Start of Data to process

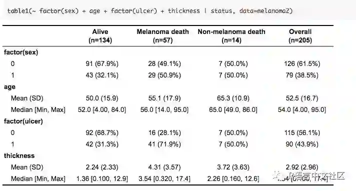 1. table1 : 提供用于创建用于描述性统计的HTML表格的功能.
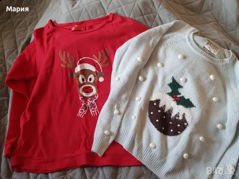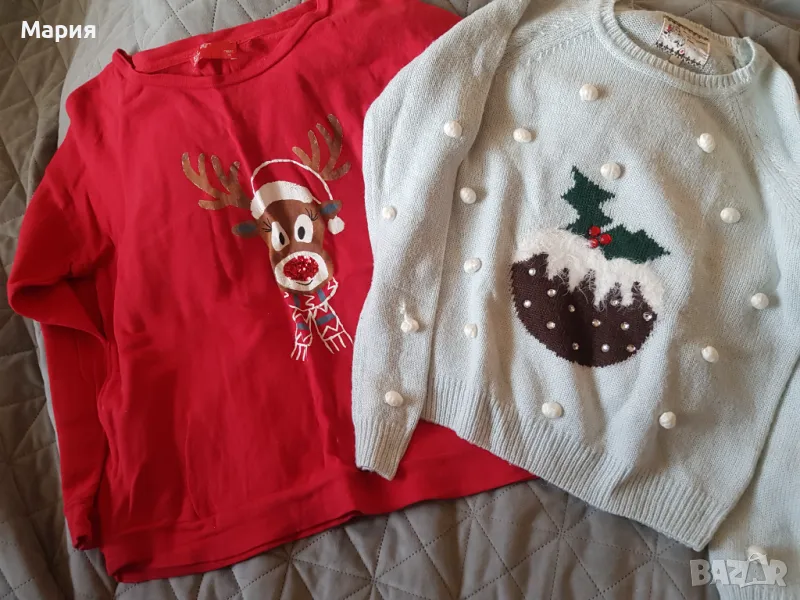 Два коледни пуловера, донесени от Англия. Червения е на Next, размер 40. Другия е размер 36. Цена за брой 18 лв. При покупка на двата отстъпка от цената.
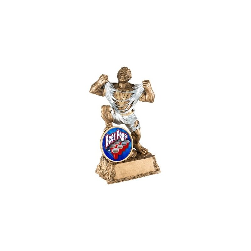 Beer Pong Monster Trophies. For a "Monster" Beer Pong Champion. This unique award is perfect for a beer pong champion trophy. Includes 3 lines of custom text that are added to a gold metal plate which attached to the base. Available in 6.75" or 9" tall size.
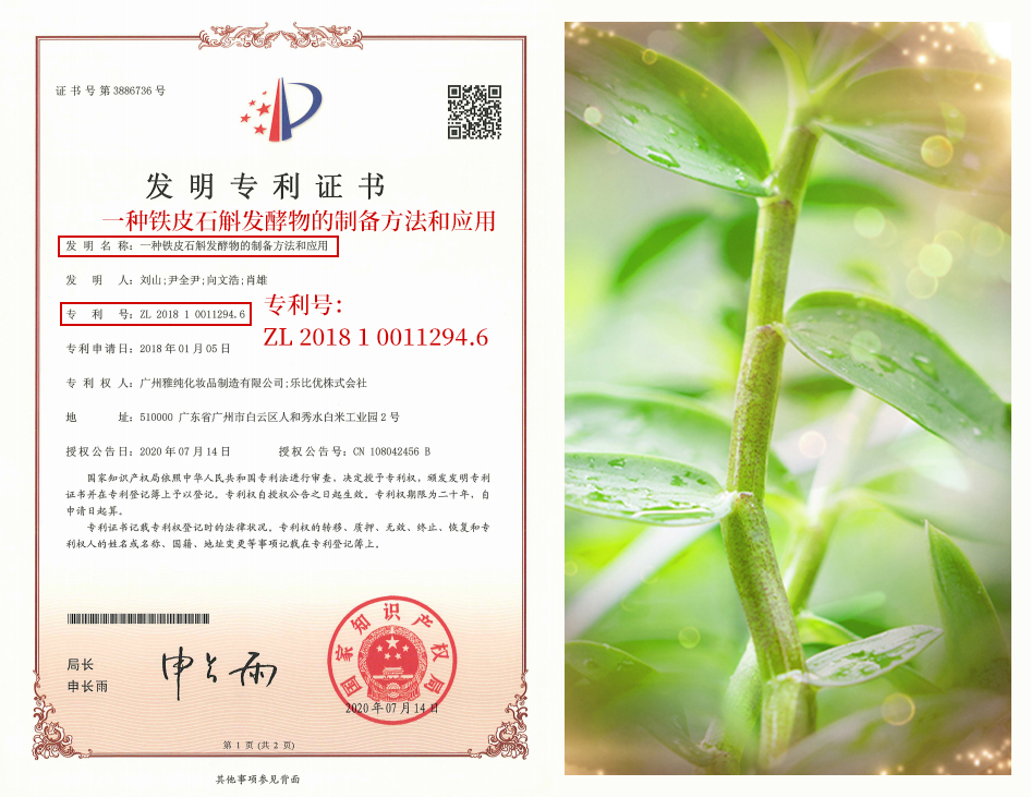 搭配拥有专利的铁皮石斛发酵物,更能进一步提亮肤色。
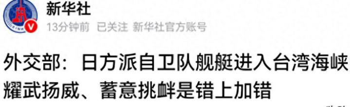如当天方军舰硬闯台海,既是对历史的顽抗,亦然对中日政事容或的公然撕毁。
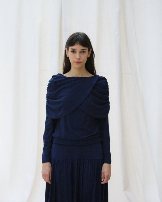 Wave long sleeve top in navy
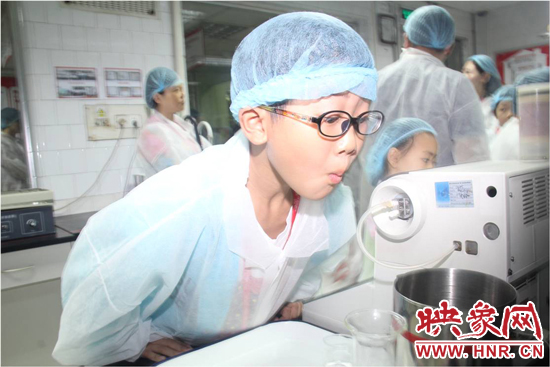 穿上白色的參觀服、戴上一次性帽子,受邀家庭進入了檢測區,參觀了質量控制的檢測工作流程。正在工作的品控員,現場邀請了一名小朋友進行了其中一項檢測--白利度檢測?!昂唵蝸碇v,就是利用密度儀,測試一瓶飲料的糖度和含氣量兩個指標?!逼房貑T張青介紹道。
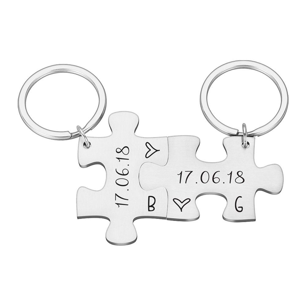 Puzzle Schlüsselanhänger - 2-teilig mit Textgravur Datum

End of Data to process

→ About this task: Could you return the listing above exactly, minus its pictures?

→ Solution to the exercise:
 1. table1 : 提供用于创建用于描述性统计的HTML表格的功能.
 Два коледни пуловера, донесени от Англия. Червения е на Next, размер 40. Другия е размер 36. Цена за брой 18 лв. При покупка на двата отстъпка от цената.
 Beer Pong Monster Trophies. For a "Monster" Beer Pong Champion. This unique award is perfect for a beer pong champion trophy. Includes 3 lines of custom text that are added to a gold metal plate which attached to the base. Available in 6.75" or 9" tall size.
 搭配拥有专利的铁皮石斛发酵物,更能进一步提亮肤色。
如当天方军舰硬闯台海,既是对历史的顽抗,亦然对中日政事容或的公然撕毁。
 Wave long sleeve top in navy
 穿上白色的參觀服、戴上一次性帽子,受邀家庭進入了檢測區,參觀了質量控制的檢測工作流程。正在工作的品控員,現場邀請了一名小朋友進行了其中一項檢測--白利度檢測?!昂唵蝸碇v,就是利用密度儀,測試一瓶飲料的糖度和含氣量兩個指標?!逼房貑T張青介紹道。
 Puzzle Schlüsselanhänger - 2-teilig mit Textgravur Datum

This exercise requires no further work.